I found an example that shares one PDE with me:
https://fenicsproject.org/qa/13269/scalar-mixed-function-space-problem/
I’ve updated its code to use current FEniCS terms, and it ran fine in 2D. However, when I switch into 1D, the Newton Solver won’t converge. Error message:
Error: Unable to solve nonlinear system with NewtonSolver.
*** Reason: Newton solver did not converge because maximum number of iterations reached.
*** Where: This error was encountered inside NewtonSolver.cpp.
*** Process: 0
***
*** DOLFIN version: 2019.1.0
*** Git changeset: unknown
My code is:
from dolfin import *
import mshr
# Define boundaries; made 1D, getting rid of y-direction
class Left(SubDomain):
def inside(self, x, on_boundary):
return near(x[0], 0.0)
class Right(SubDomain):
def inside(self, x, on_boundary):
return near(x[0], 1.0)
# Initialize sub-domain instances
left = Left()
right = Right()
# Mesh. Not sure on this number of cells; have tried up to 10,000 and low as 20.
mesh = IntervalMesh(100, 0, 1)
# Marking boundary domains.
# Got rid of y-boundaries and re-numbered left & right boundaries.
boundaries = MeshFunction('size_t', mesh, mesh.topology().dim()-1, 0)
boundaries.set_all(0)
left.mark(boundaries, 1)
right.mark(boundaries, 2)
CG1_elem = FiniteElement("CG", mesh.ufl_cell(), 1)
#Defining the function spaces for the concentration
V_c = FunctionSpace(mesh, CG1_elem)
#Defining the function spaces for the voltage
V_phi = FunctionSpace(mesh, CG1_elem)
#Defining the mixed function space
W_elem = MixedElement([CG1_elem, CG1_elem])
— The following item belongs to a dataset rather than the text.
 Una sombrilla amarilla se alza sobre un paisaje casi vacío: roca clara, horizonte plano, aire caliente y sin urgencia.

W = FunctionSpace(mesh, W_elem)
#Defining the "Trial" functions
u = Function(W)
c, phi = split(u)
#Defining the test functions
(v_1, v_2) = TestFunctions(W)
# Time variables
dt = 0.05; t = 0; T = 10
# Previous solution
W_const = Constant(1.0)
C_previous= interpolate(W_const, V_c)
# Define Dirichlet boundary conditions at right boundary,
# previously top boundary; (V=4.0 volt)
Voltage = Constant(4.0)
bc_right = DirichletBC(W.sub(0), Voltage, boundaries, 2)
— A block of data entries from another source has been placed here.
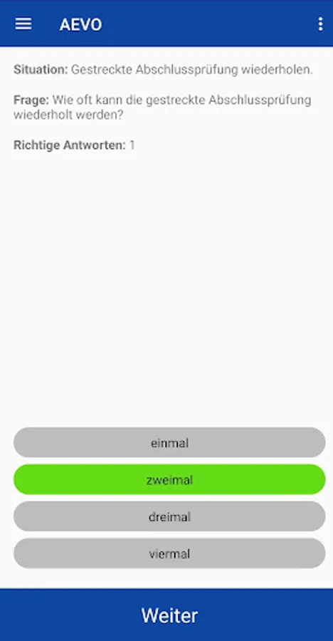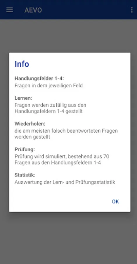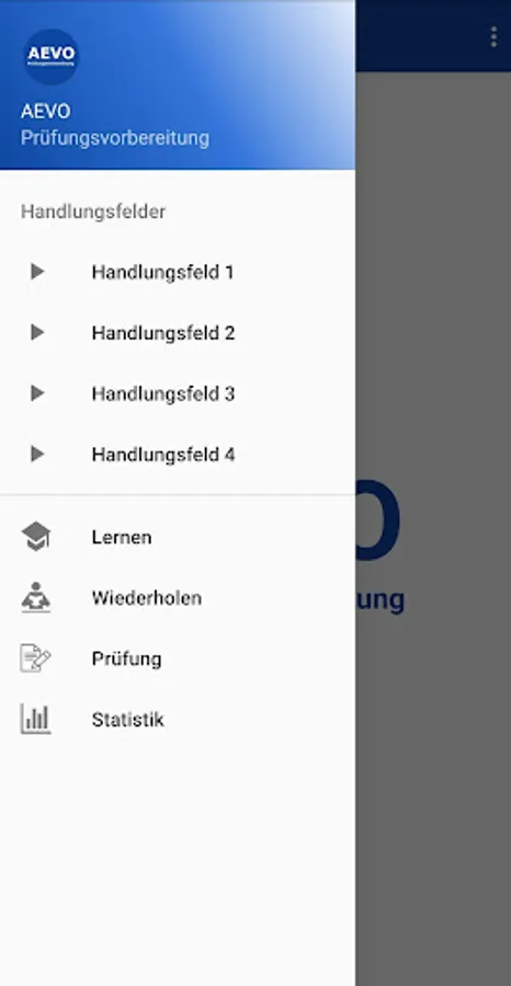 You can learn questions from the respective field of action. The questions are asked in the same order. If you take a break, you will continue with the next question next time. As soon as you have reached the end, you can start again with questions.
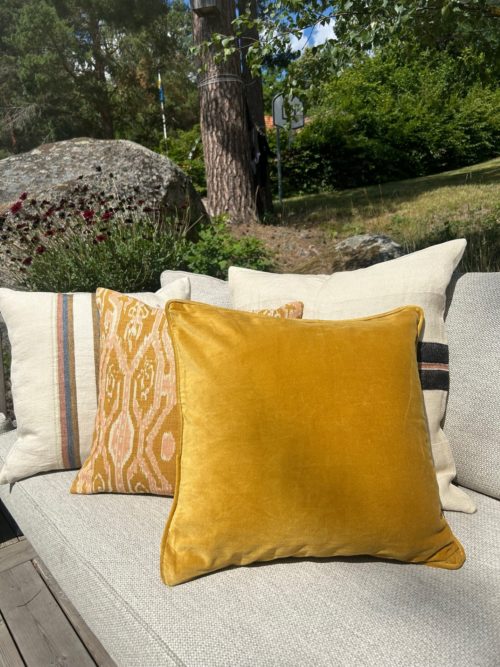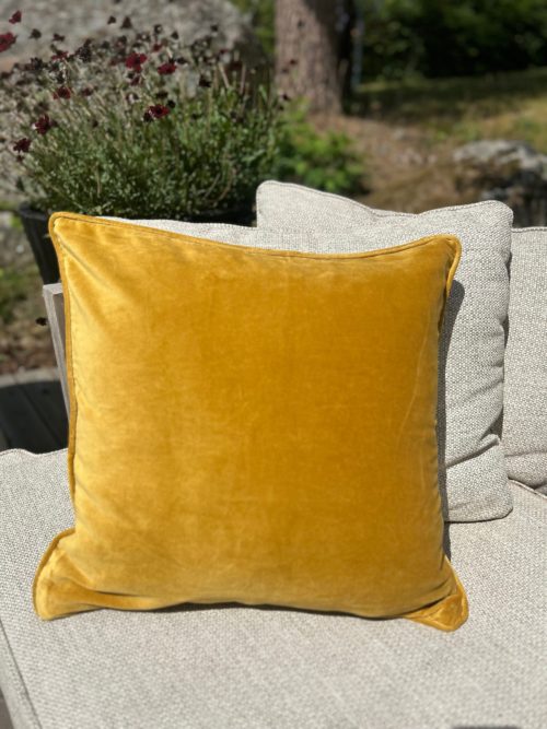Det här kuddfodralet i sammet har en varm bränd ton som sätter pricken över ”i:et”. Måttet 33x50cm är en perfekt storlek på kudde att ha i fåtölj, den är även fin att ha framför de större kuddarna i soffan.
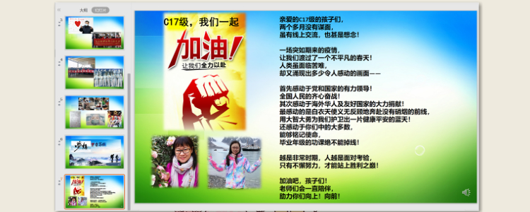 为了帮助初三毕业班的学生们疏导心理,鼓励他们坚持努力,初三地理备课组特意制作了《为C17级加油》的诗朗诵视频。视频中以激动人心的抗疫图片为背景,唐秀梅、高昕两位老师朗诵了唐秀梅老师为学生们精心编写的诗歌。疫情期间,国家高效领导,全国人民众志成城,医务人员全力以赴。希望以此激励学生们为自己的使命努力奋斗。
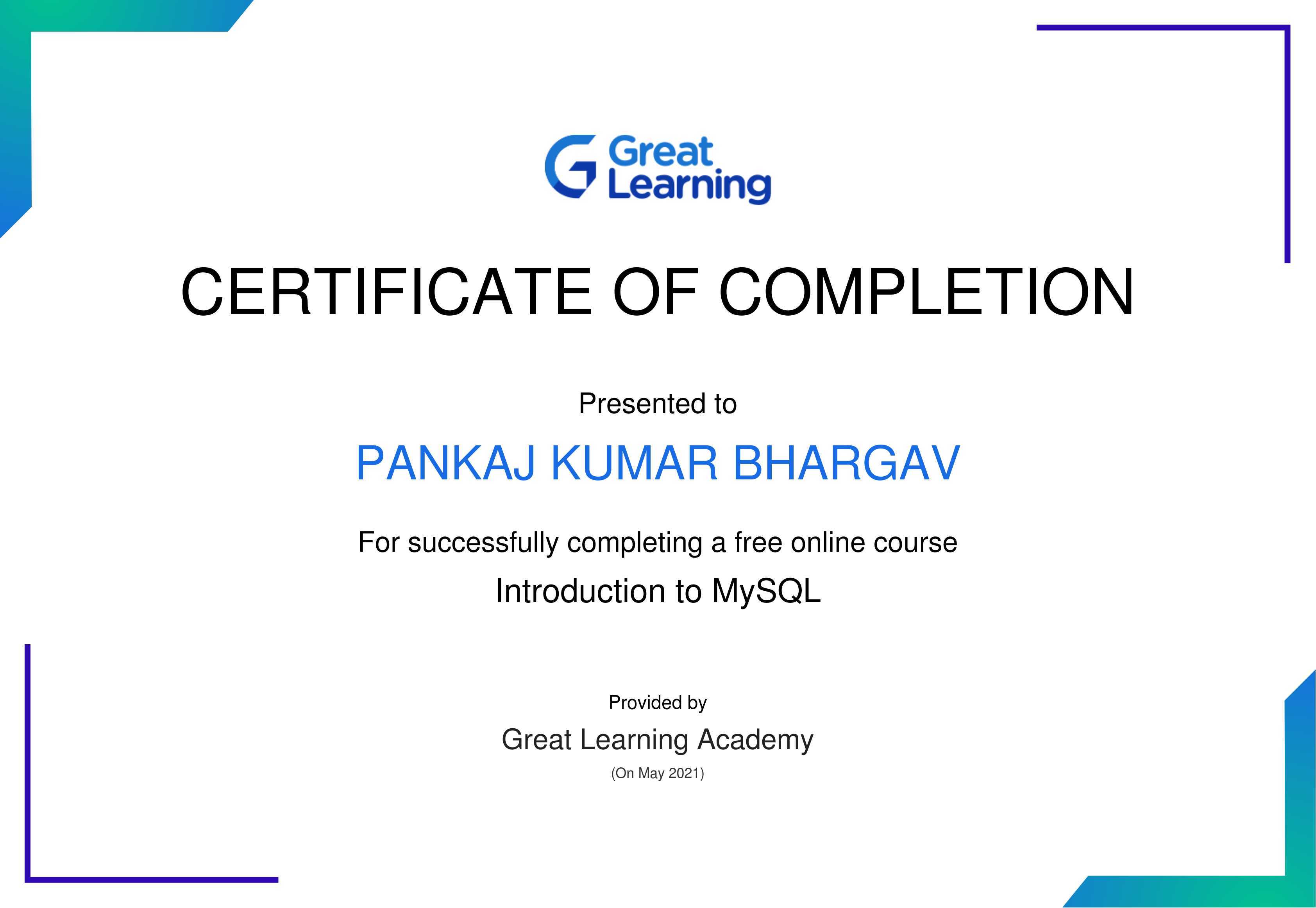 The certificate above verifies that Pankaj Kumar Bhargav has successfully completed the course MySQL Basics in Hindi

# Define Dirichlet boundary conditions at left boundary,
# previously bottom boundary (V=0.0 volt)
bc_left = DirichletBC(W.sub(0), 0.0, boundaries, 1)
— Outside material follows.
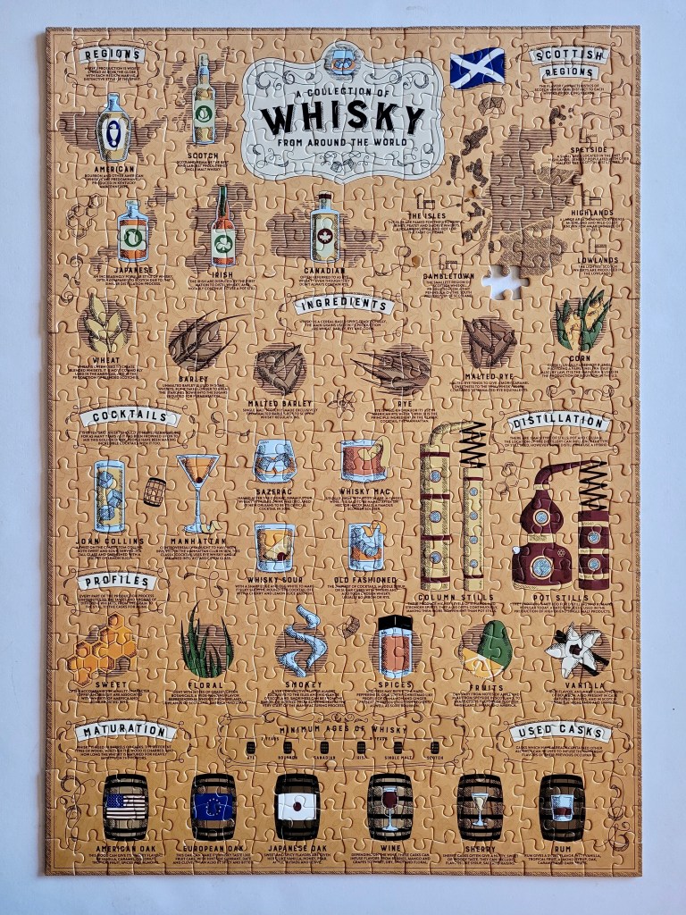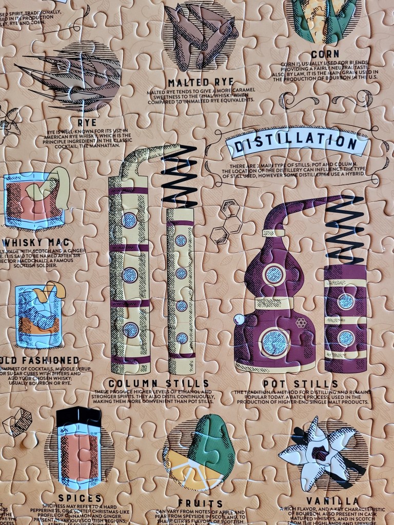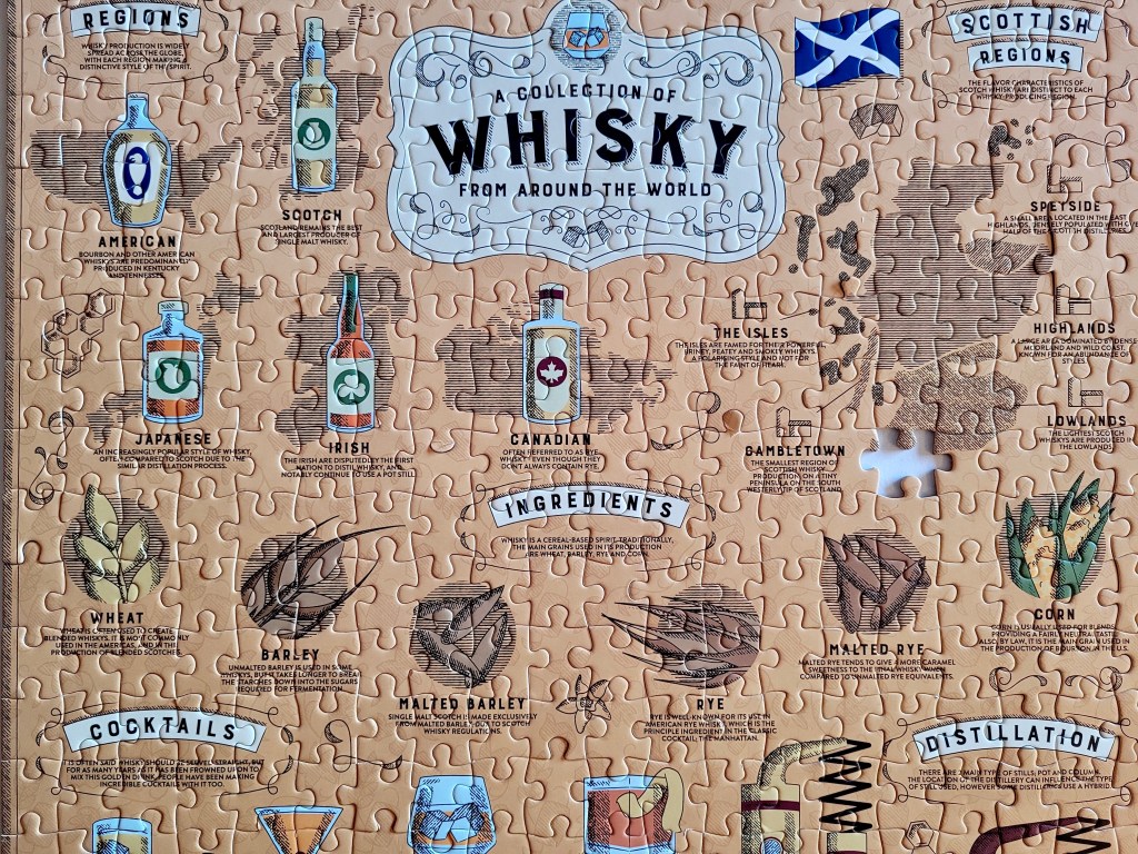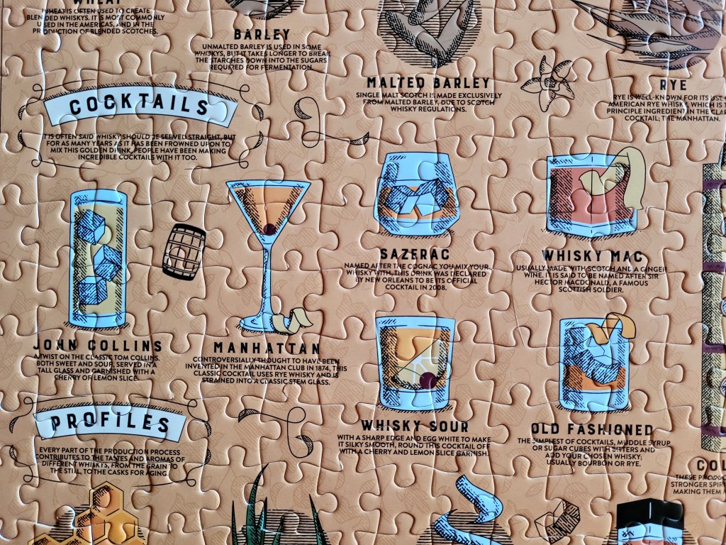 We assembled the puzzle in a few hours together. I learned a little bit more about whiskey from around the world, what type of ingredients are used, different cocktails, it was pretty fun.
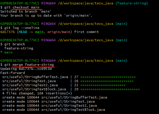 합칠 곳으로 이동해서 'git merge 합칠 브랜치 이름' 입력

#Collecting the boundary conditions
bcs = [bc_right, bc_left]
#Define eps in the weak form
eps=0.0082
# Define variational form
a = dot(grad(phi), grad(v_2)) * dx \
+ c*v_1 * dx \
- (1./(2 * (pow(eps,2)))) * c * v_2 * dx \
+ dt * eps * dot(grad(c),grad(v_1)) * dx \
+ dt * eps * c * dot(grad(phi),grad(v_1)) * dx
L = C_previous * v_1 * dx - (1./(2 * (pow(eps,2)))) * v_2 * dx
# For nonlinear solver
F = a - L
# Create VTK files for visualization output
vtkfile_phi = File('solution/phi.pvd')
vtkfile_c = File('solution/c.pvd')
while t <= T:
solve(F == 0, u, bcs)
(c, phi) = u.split(True)
C_previous.assign(c)
# Save solution to file (VTK)
vtkfile_c << (c, t)
vtkfile_phi << (phi, t)
# Update current time
t += dt
Is there a reason the one spatial dimension version can’t work? I’ve tried using meshes with fewer points and many more points (20 or 1,000 or even 10,000).